Show that a simple connected graph G contains a cycle if and only if it contains more than one spanning tree.

Question

This doesn't seem like a huge leap to prove this statement. However, I'm having trouble writing out a proof formally. I understand that I need to prove two directions. Thanks for your help

Answer 1

A spanning tree embeds paths between each pair of vertices and has $n-1$ edges where the graph $G$ has $n$ vertices.

Another useful property is that every subtree of a graph can be extended to a spanning tree.

If two spanning trees exists and are distinct they must have some edges which are not in common. Say edge $A-B$ is not on the first tree, but only in the second.

If you add that edge to the first tree you get a graph with $n$ vertices and $n$ edges, which thus can't be a tree, and thus has a cycle.

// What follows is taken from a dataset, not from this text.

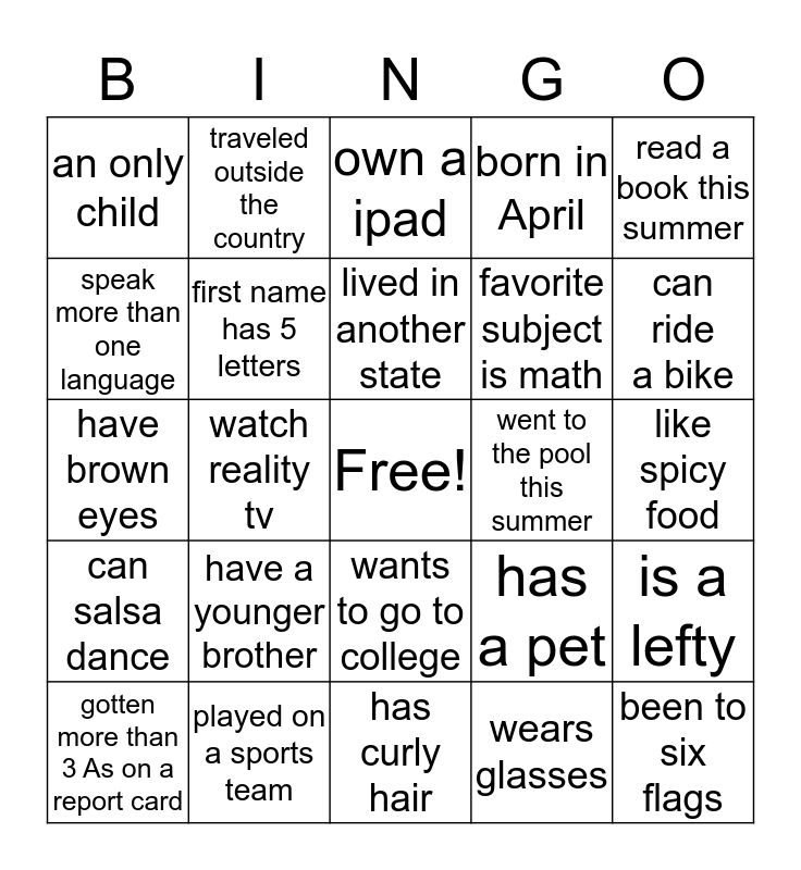 This bingo card has a free space and 24 words: have a younger brother, played on a sports team, lived in another state, gotten more than 3 As on a report card, read a book this summer, an only child, speak more than one language, traveled outside the country, went to the pool this summer, wants to go to college, favorite subject is math, have brown eyes, has a pet, is a lefty, first name has 5 letters, wears glasses, like spicy food, own a ipad, can ride a bike, watch reality tv, been to six flags, can salsa dance, born in April and has curly hair.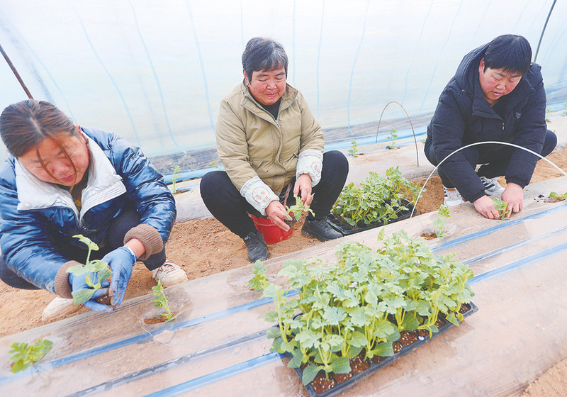 1月26日,渭南市大荔县羌白镇焦家村的温室大棚里,村民抢抓农时栽植吊篮西瓜、甜瓜。

On the other side, if there is a cycle, it has at least $3$ vertices $A-B-C$ ($C$ may be connected again with $A$ or with some other vertex, it does not matter). What matters is that the cycle contains at least two adjacent edges, here $A-B$ and $B-C$ and you can delete any of them and the graph is still connected.

So, you first delete $A-B$ and consider the subtree made of the edge $B-C$ only. You know that you can extend this to a spanning tree that will contain $B-C$.

You do the same reversing the roles, i.e. you delete $B-C$ and you construct a spanning tree as an extension of the "tree" made only of the edge $A-B$.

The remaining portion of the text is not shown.